▶ [Work required]: Copy the entries below word for word, minus the pictures.

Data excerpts
[Start of Attachment]
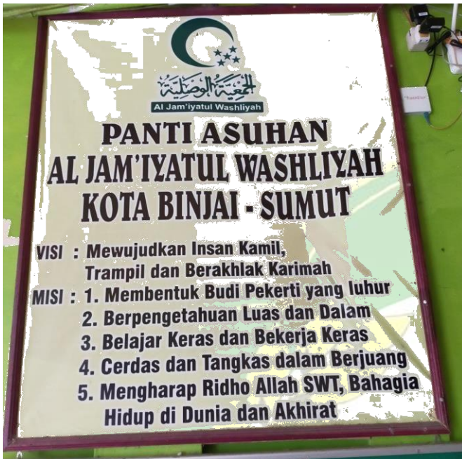
Visi Misi Panti Asuhan Al Washliyah Binjai
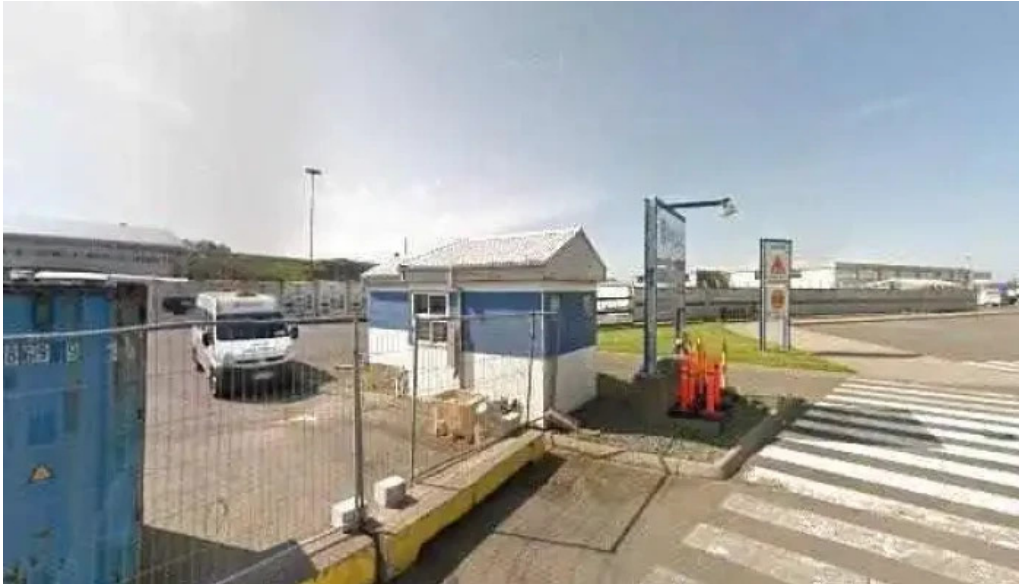
Korngardur cruise terminal street view 360deg
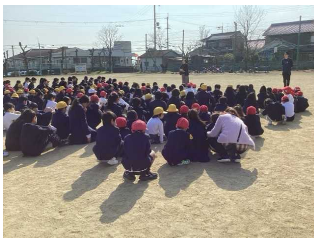
↑ 話を聴いています
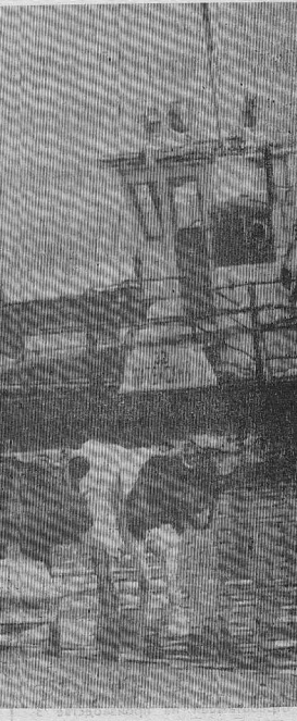
«Поехали, Буренка, покатавайся...»

ПРОДАЕТСЯ шпалорезка 6/у последней модификации по договоренности. Адрес: с. Заледеево, ул. Береговая, 31. (108)
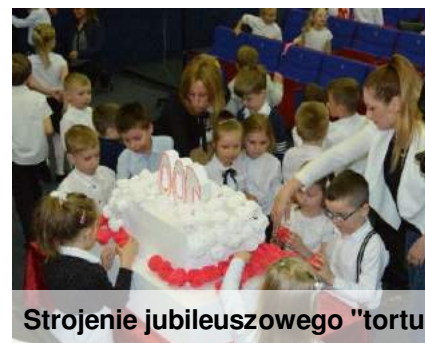
Strojenie jubileuszowego "tortu"
[End of Attachment]
▶ [Task response]:
Visi Misi Panti Asuhan Al Washliyah Binjai
Korngardur cruise terminal street view 360deg
↑ 話を聴いています
«Поехали, Буренка, покатавайся...»

ПРОДАЕТСЯ шпалорезка 6/у последней модификации по договоренности. Адрес: с. Заледеево, ул. Береговая, 31. (108)
Strojenie jubileuszowego "tortu"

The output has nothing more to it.